After the tragedy, Manuela begins to deal with the disaster by bringing together the disparate and unfinished elements of her life. Honoring Esteban’s last wish to find his father, who’s also named Esteban, she returns to her hometown Barcelona to seek him out. The boy’s father is a transvestite, Lola the Pioneer (Toni Canto), who never knew he had a child because Manuela didn’t tell him. Manuela later recalls how Esteban became Lola in Paris, where he got a pair of huge breasts, bigger than hers.
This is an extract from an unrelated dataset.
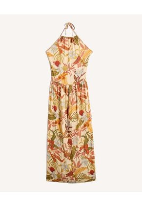 Vestido Halter Estampado Tropical Para Mujer Naranja Seven Seven

Having left Barcelona while pregnant eighteen years earlier, Manuela is now looking for Esteban-Lola at a sleazy pick-up place. It’s a marginal, remote milieu, populated by sleazy older men, cruise hustlers and prostitutes, both male and female. Arriving by taxi, Manuela encounters a battered transsexual, beaten up in the open fields by a frustrated customer. La Agrado has huge, artificial breasts and a huge, real cock (More about it later). He/she turns out to be Manuela’s old friend from their Barcelona days. He goes by the name of La Agrado (Antonia San Juan), because, as he explains, “I always agree.”
Two decades ago, La Agrado lived with Manuela and Esteban’s father, before the latter had sex-change operation. La Agrado complains to Manuela that she had taken in the sickly HIV-positive Lola, but to her chagrin, the ungrateful Lola ran off with all of her money and possessions. Through Agrado, Manuela meets Sister Rosa (Penelope Cruz), a nun bound for missionary service in El Salvador. Manuela then becomes personal assistant to Huma, the stage actress whom her son had admired. She helps Huma manage her life, which is mostly controlling Nina, her tempestuous, drug-addicted younger lover, who periodically abandons her.
Deciding to change her life, La Agrado goes to see Sister Rosa for counseling. It turns out that Sister Rosa had been impregnated and infected by Lola with the HIV virus. Though resistant at first, Manuela decides to nurse Sister Rosa through her pregnancy, the birth of her child, and eventually her death (at childbirth, of course). As Lola is ravaged by AIDS, Rosa’s child is born HIV-positive. In the climax, Manuela confronts Lola, the dying transsexual and father of her son. Manuela decides to bring up the baby boy who is also named Esteban, and all ends well, when the third Esteban defeats the lethal virus.